During the time we’ve encountered some (from hindsight) funny errors:

  • Using APCu, always check how much memory consumption you have, how quickly the cache builds and flushes. Check hitrates! In our case the cache filled up and flushed so quickly, you couldn’t see it on monitoring. But hitrates show ;-)
  • Logging! I can’t emphasize enough: Every crucial action that fails should be logged - but with enough meta-information to be conclusive!
  • If you’re using the reverse proxy cache kernel, make sure it uses the same strategy (e.g. key) as your varnish does. We had the user agent in varnish cache key, but not within the vary headers - so the reverse proxy cache eratically cached desktop/mobile sepcific stuff and people got a lot of wrong ads.
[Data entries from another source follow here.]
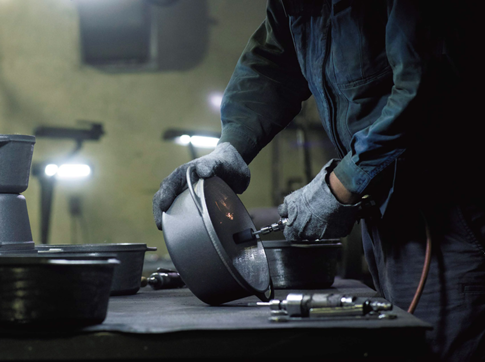 熟練した職人の手仕事が、無水調理に欠かせない密閉性をかなえる
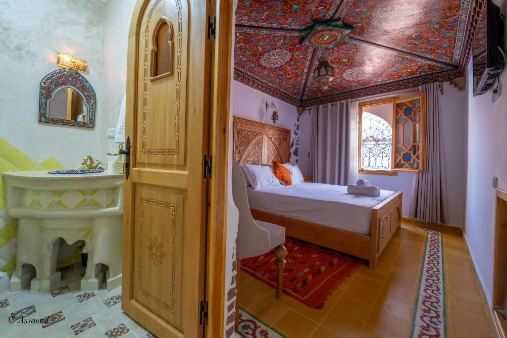 Ce riad à Chefchaouen propose des chambres authentiques, équipées de balcons offrant un panorama exceptionnel sur la médina. Baignées de lumière, elles allient confort moderne et charme traditionnel avec leurs têtes de lit sculptées, leur linge soigné et leurs salles de bains agrémentées de zelliges colorés. Les visiteurs bénéficient d’un service haut de gamme avec une connexion Wi-Fi gratuite, un restaurant proposant des saveurs locales, une réception ouverte 24h/24 ainsi qu’un service de navette aéroport. Le matin, un petit-déjeuner savoureux est servi en terrasse, offrant une parenthèse gourmande face à la ville endormie.
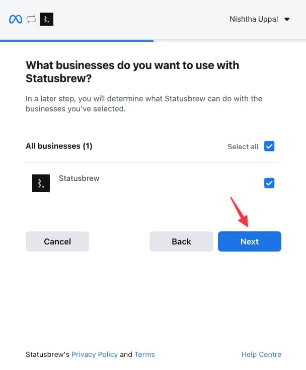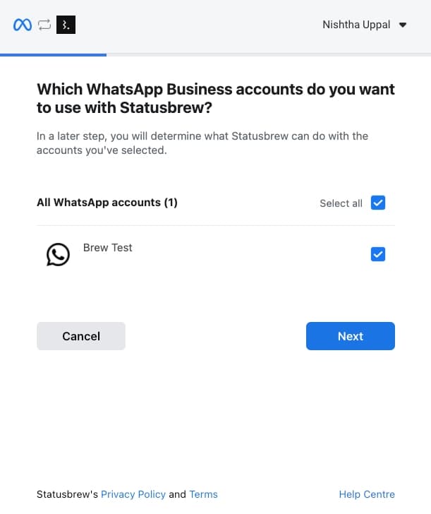 Select the WhatsApp Business Accounts you want to connect with Statusbrew and click Next.
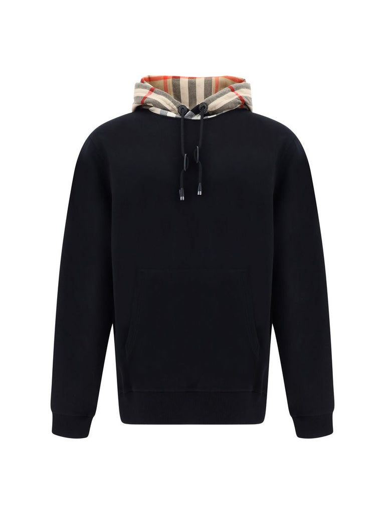Discover the epitome of comfort infused with the quintessential touch of luxury with this Burberry Samuel Hoodie. Tailored to exude style, this hoodie features a drawstring hood for a personalized fit and is accented with the brand’s iconic Archivio Check pattern on the contrasting hood, adding a unique twist to your casual look. With snug ribbed cuffs and hem as well as a convenient front kangaroo pocket, this black hoodie ensures an oversized fit that’s perfect for a relaxed, yet sophisticated silhouette. Designed in Italy, this piece is not just a hoodie, but a statement of timeless fashion.
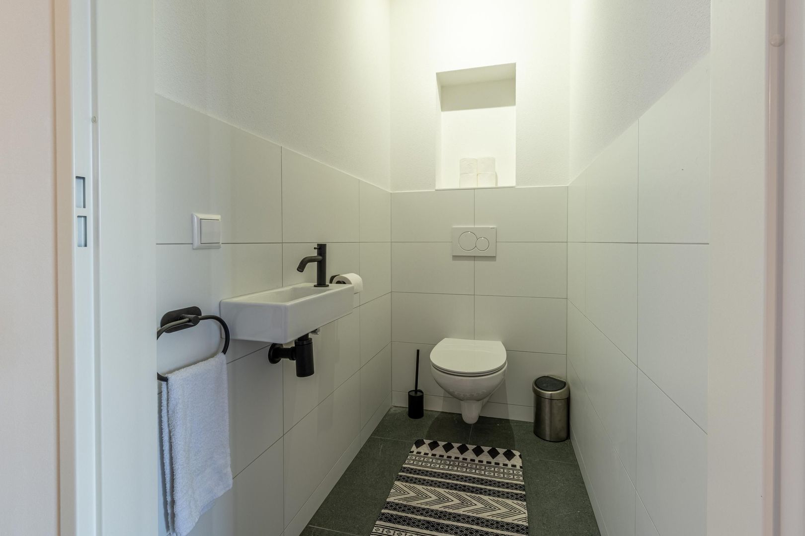 De aparte toiletruimte is ingericht met een wandcloset en een fonteinbakje.
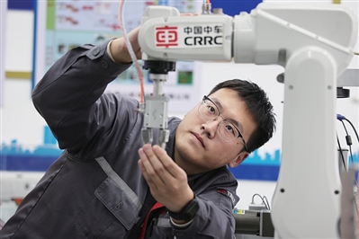 走进中车唐山公司车体事业部智能打磨车间,一台台智能机器人正在有条不紊地进行车体零部件的搬运和打磨作业,机器的轰鸣和金属的撞击声不绝于耳,空气中弥漫着金属的气息,仿佛在演奏一首工业生产的交响乐,李子禹身穿工作服,戴着一副黑框眼镜,“铁甲勇士”般的他双手在各种复杂的机器和工具间熟练地穿梭,每一个动作充满着专业和自信,眼神中满是对工作的热爱和执着。
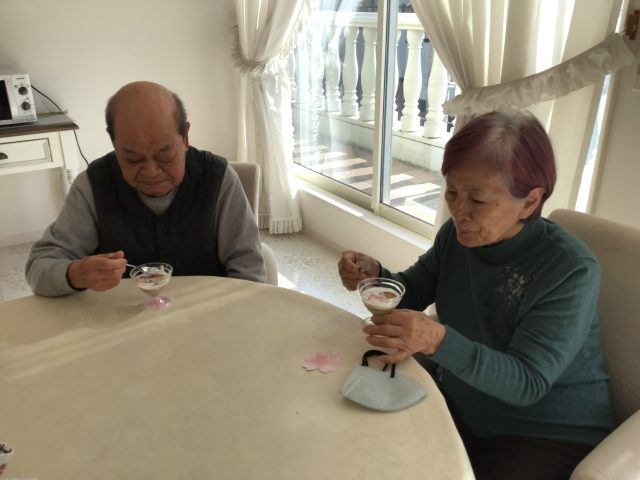 今日は一足早くひな祭り🎎にちなんで段ひし餅◇にちなんで3段ムースを作って食べて頂きました💛

Took me several hours to find :-(

Conclusion

When we first load-tested the application, we were quite surprised by the good overall performance. This behavior continued with the go-live - with some hickups with the cache keys for varnish. We’re quite satisfied with our current architecture, especially since we decoupled most of the code from the framework itself and placed it into library structures. But there is still a lot of work to do: We’ve got a low UnitTest coverage, some of the library parts should be excluded as separate libraries and repositories and also - and this is true for nearly every project - a lot of refactoring has to be done in templating and some library parts.